У одного психиатра из Базеля даже была гипотеза, что подобные расстройства не надо трогать вообще, потому что можно расковырять в пациенте гораздо бо́льший нарыв, и человек с такой бедой не справится уже ни сам, ни с врачебной помощью.

Что ж, если наука говорит, что адаптация – это единственное решение проблемы, надо искать к ней ходы.

Он попросил Киру собрать все материалы о бабочках – об их видах, питании, жизненном цикле от икринки до имаго, среде обитания, врагах и географии миграций. Кира подготовила Логинову подборку из интернета, но ему было этого недостаточно, он отправил её в книжный магазин. Кира вернулась с роскошным альбомом.
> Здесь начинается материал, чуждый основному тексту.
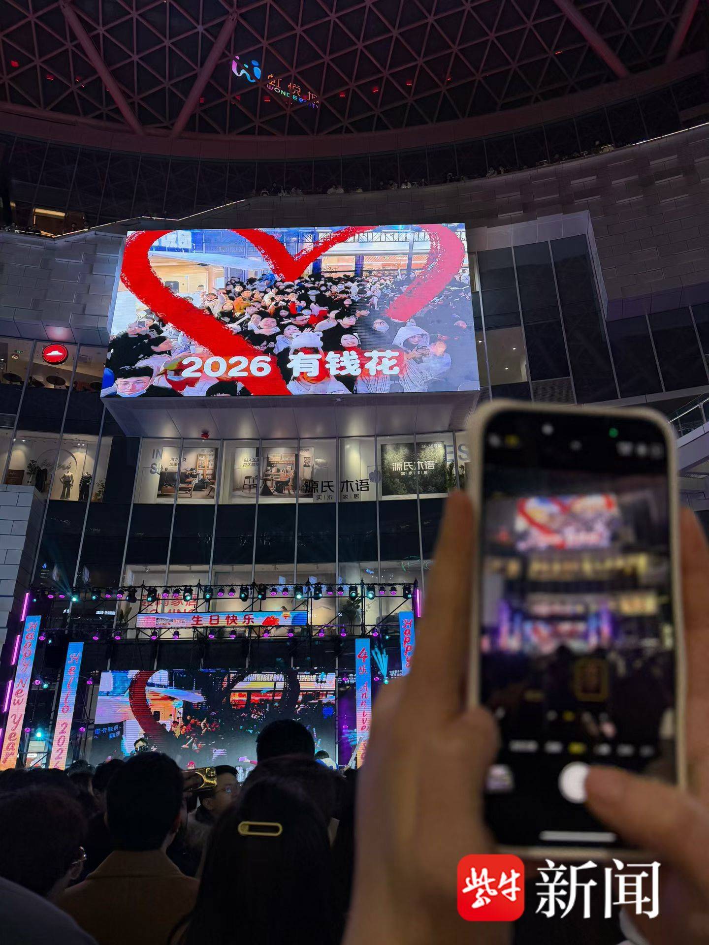 活动现场,主办方还贴心设置了照片直播二维码,让观众随时定格精彩瞬间、收藏美好回忆。跨年倒计时环节,全场观众手持荧光棒共同倒数,绚烂的礼花与冷焰火照亮夜空,彩色纸片上的新年祝福语随风飘落,营造出梦幻而浪漫的氛围。“转身拥抱身边人” 的浪漫互动,更让陌生人之间的善意在此刻传递,让跨年夜充满了双向奔赴的温暖。

Рассматривая цветные фотографии махаонов, монархов, адмиралов и птицекрылов, Логинов подумал, что, возможно, в данный момент то же самое делает Мосс. Он представил, как тот водит пальцем по энтомологическому каталогу с одной лишь целью – определить в нём своё место. Возможно, он узнал себя среди крапивниц или аполлонов – хотя нет, скорее траурниц, это больше ему подходит.

Логинов часами разглядывал кадры с увеличенными под микроскопом усиками и хоботком, невероятной архитектуры фасеточными глазами, вглядывался в строение чешуйчатого крыла и не мог отделаться от мысли, как хрупка и фантастична природа этого существа, как необъяснимо то, что с ним происходит: вот крошечная точка яйца, затем рогатая гусеница, потом куколка и, наконец, венец метаморфоза – имаго, красивое и сложное, ничего не имеющее общего с собою в предыдущей стадии. Мир бабочек – это космос, где каждое насекомое – отдельная галактика, неподвластная человеческому разуму. Мы можем изучать их, писать о них километры книжных страниц, снимать фильмы, можем выращивать их в неволе, даже влиять на их окраску и способность к мимикрии, наконец, можем просто приколоть их булавкой к картонке. Но мы всё равно никогда не постигнем их тайны и их величия.